With the current Lasting Power of Attorney (LPA) system over thirty years old, the government’s consultation on reforming the process has been welcomed by many who are concerned about protecting those who may lose the capacity to manage their own affairs.

A Lasting Power of Attorney is a legal document which allows an individual to give their trusted representative, usually a relative or close friend, the authority to make decisions on their behalf. If the person who signed the power one day loses the ability to deal with matters, their attorney can step in to do this on their behalf.

The Lasting Power of Attorney system is currently paper-based, with individuals reporting that the system has been difficult to navigate and that some banks are reluctant to accept Lasting Powers of Attorney.

Understanding Lasting Powers of Attorney

Consumer organisation Which conducted a survey of 2,000 individuals in November 2021, finding a lack of understanding of the system as well as difficulties in using it.

While 85% of those questioned said they knew what a Lasting Power of Attorney was, many of these were confused as to exactly what signing an LPA meant.

Some 16% thought that once an LPA is registered, access to bank accounts is lost by the person who has made the LPA. A substantial 70% said that they did not need an LPA as they were healthy, possibly not realising that once capacity has been lost, it is too late to sign.

More than three quarters (77%) thought that an LPA could be signed at any time of life, again, taking the risk that they would not have one in place should it ever be needed.

Among younger people, there was even less understanding, with 26% of those aged 18-34 saying they did not know what an LPA was while amongst those aged over 55, only 7% did not know.

Of those earning under £21,000 per year, 20% did not know what the document was, but for earners making over £56,000, only 10% did not know.

Difficulties with banks

Which has also uncovered difficulties in dealing with banks. Over 8,000 Which members with a registered LPA were questioned, with 60% saying that there was a lack of knowledge among bank staff. Some 38% said the process was complex and 28% experienced delays.

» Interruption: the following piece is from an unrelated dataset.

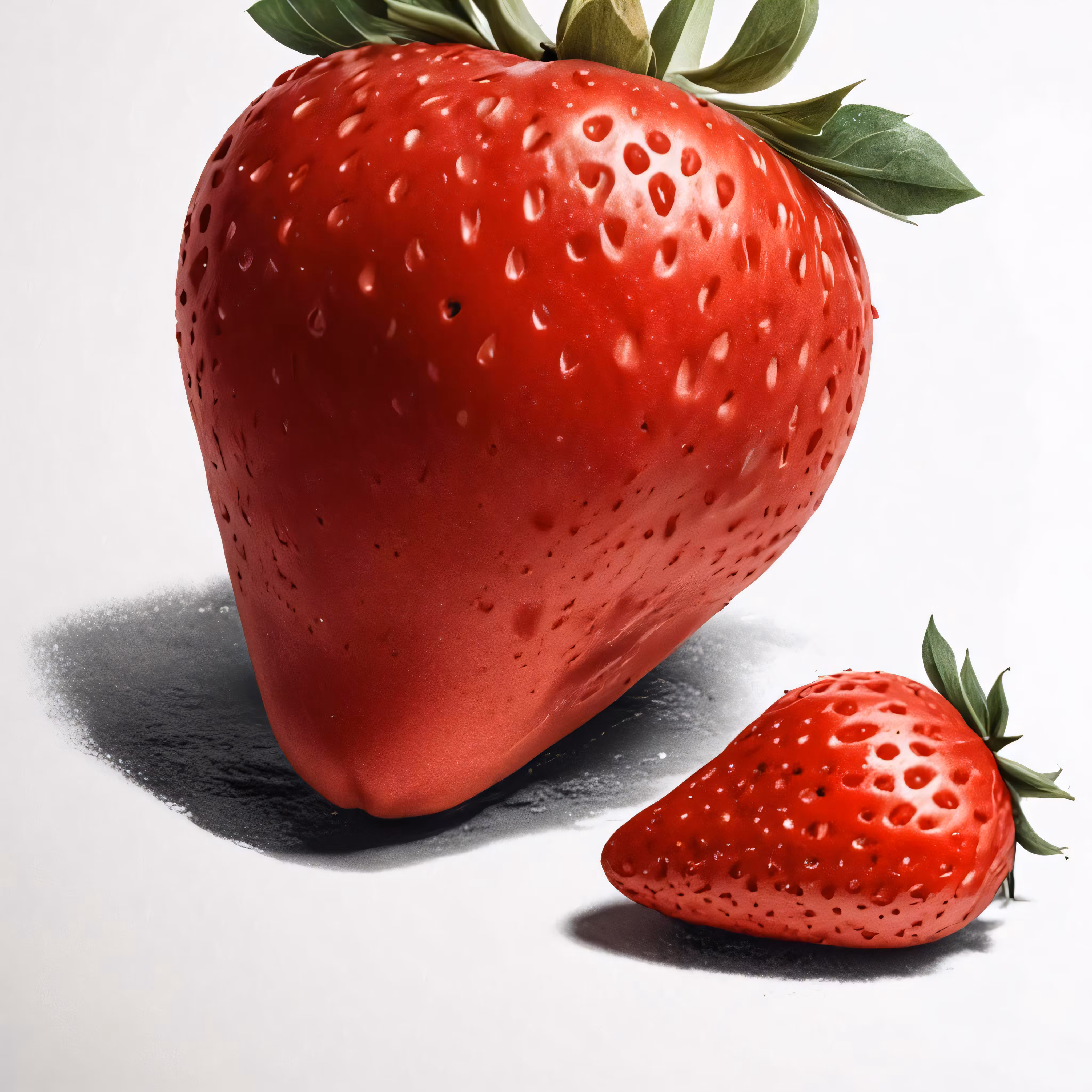 High resolution picture, free to use, a photo of two strawberries with leaves in the middle of it

Of those questioned, 31% said that banks were the most difficult to deal with, with many reporting that banks had lost LPA documents, had not properly explained the registration process or had insisted on unnecessary trips to a branch.

Some banks failed to give full access to attorneys, even after the registration process had been completed.

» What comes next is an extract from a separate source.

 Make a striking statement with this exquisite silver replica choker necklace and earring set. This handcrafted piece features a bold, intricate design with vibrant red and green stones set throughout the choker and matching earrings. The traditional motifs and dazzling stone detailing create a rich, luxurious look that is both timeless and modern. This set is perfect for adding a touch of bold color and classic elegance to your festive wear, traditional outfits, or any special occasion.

Lasting Power of Attorney reform

Reforms proposed include introducing a fast-track service, digitising the registration process and increasing awareness of the system.

The government hopes to improve access and increase safeguards. Services will go online, but it is still proposed to maintain a paper option, which is likely to benefit people with brain injuries, those in care homes or those with degenerative cognitive conditions. This could also be important for the estimated five million people aged 55 or over who do not have access to the internet.